> [Task details] The records below are to be copied exactly, with every picture left out.

Source records
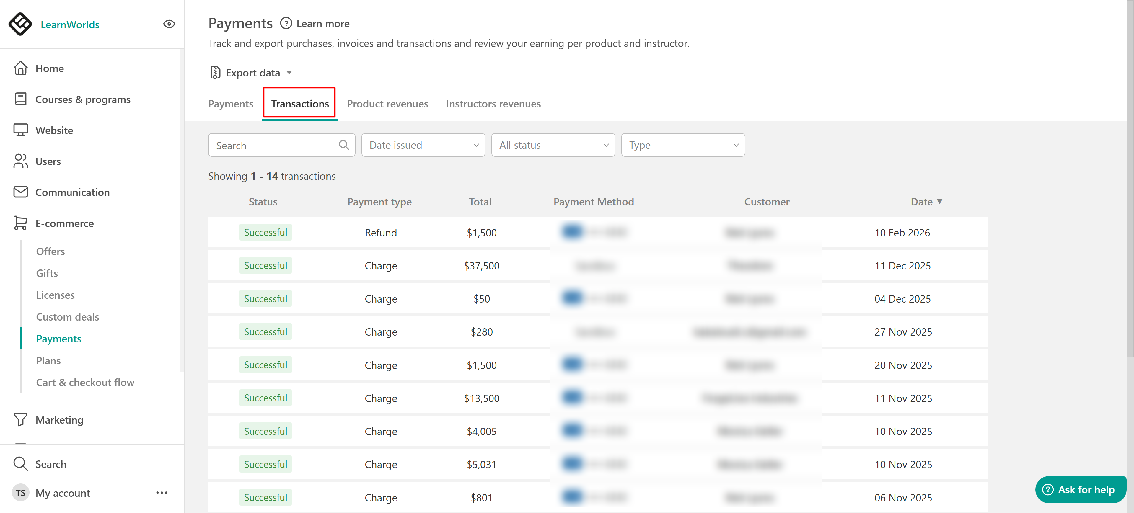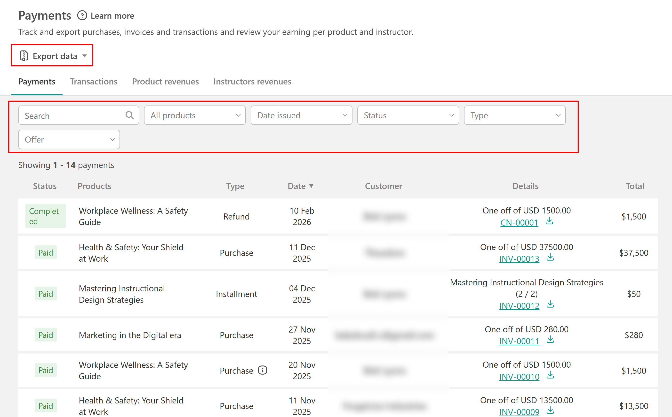 Payments is your central hub for managing all financial activity in LearnWorlds. Review purchases, subscriptions, refunds, and revenue by product or instructor. You can also handle overdue invoices, issue refunds, troubleshoot failed transactions, and export data in CSV or XLS format.
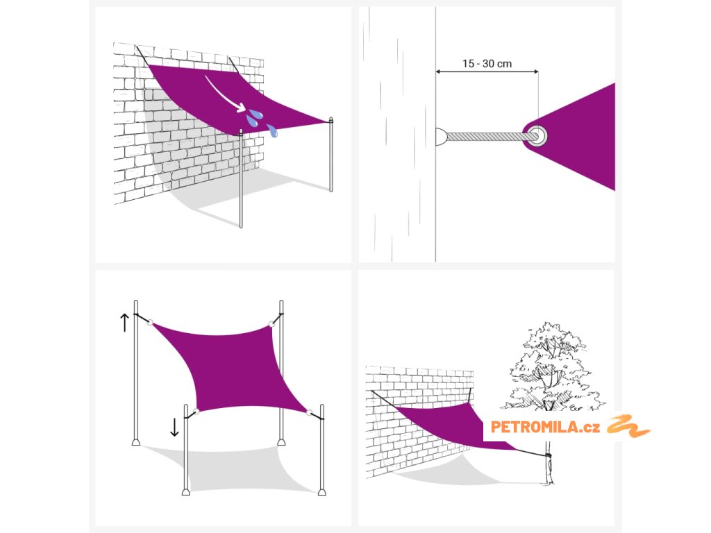 Dobré vědět: Umístěte 2 rohy plachty o něco výše než ostatní, aby voda mohla odtékat.
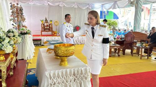 2. ประธานกล่าวถวายพระราชสดุดีสมเด็จพระนางเจ้าสิริกิติ์ พระบรมราชินีนาถ พระบรมราชชนนีพันปีหลวง หน้าพระบรมฉายาลักษณ์
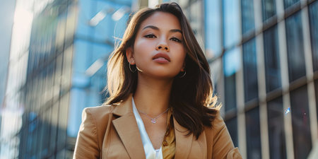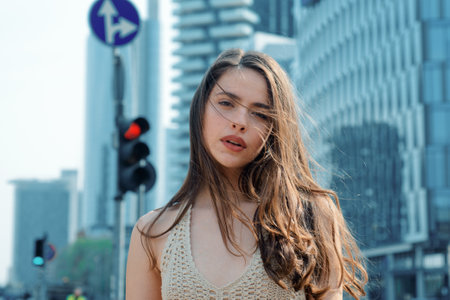 A woman stands confidently with windswept hair gazing towards the camera. The backdrop features a striking urban skyline under a clear blue sky highlighting modern architecture.
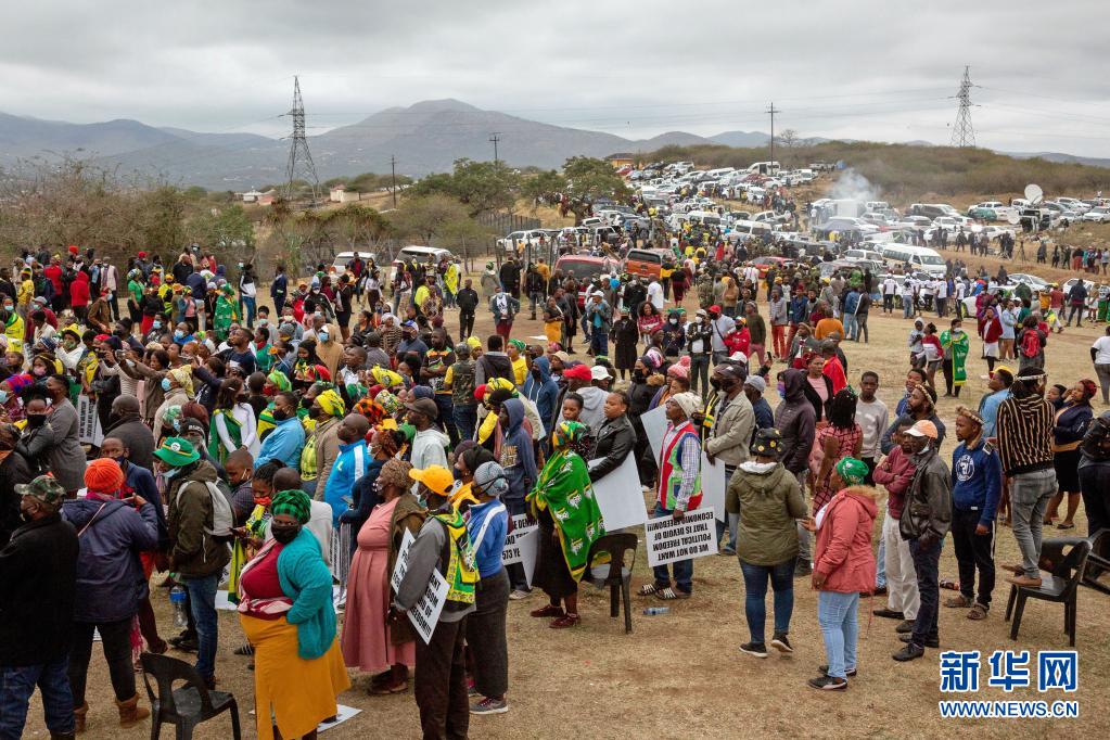 這是7月4日,南非前總統(tǒng)祖馬的支持者聚集在祖馬位于夸祖盧-納塔爾省恩坎德拉的家附近。

> [Result of the exercise]
 Payments is your central hub for managing all financial activity in LearnWorlds. Review purchases, subscriptions, refunds, and revenue by product or instructor. You can also handle overdue invoices, issue refunds, troubleshoot failed transactions, and export data in CSV or XLS format.
 Dobré vědět: Umístěte 2 rohy plachty o něco výše než ostatní, aby voda mohla odtékat.
 2. ประธานกล่าวถวายพระราชสดุดีสมเด็จพระนางเจ้าสิริกิติ์ พระบรมราชินีนาถ พระบรมราชชนนีพันปีหลวง หน้าพระบรมฉายาลักษณ์
 A woman stands confidently with windswept hair gazing towards the camera. The backdrop features a striking urban skyline under a clear blue sky highlighting modern architecture.
 這是7月4日,南非前總統(tǒng)祖馬的支持者聚集在祖馬位于夸祖盧-納塔爾省恩坎德拉的家附近。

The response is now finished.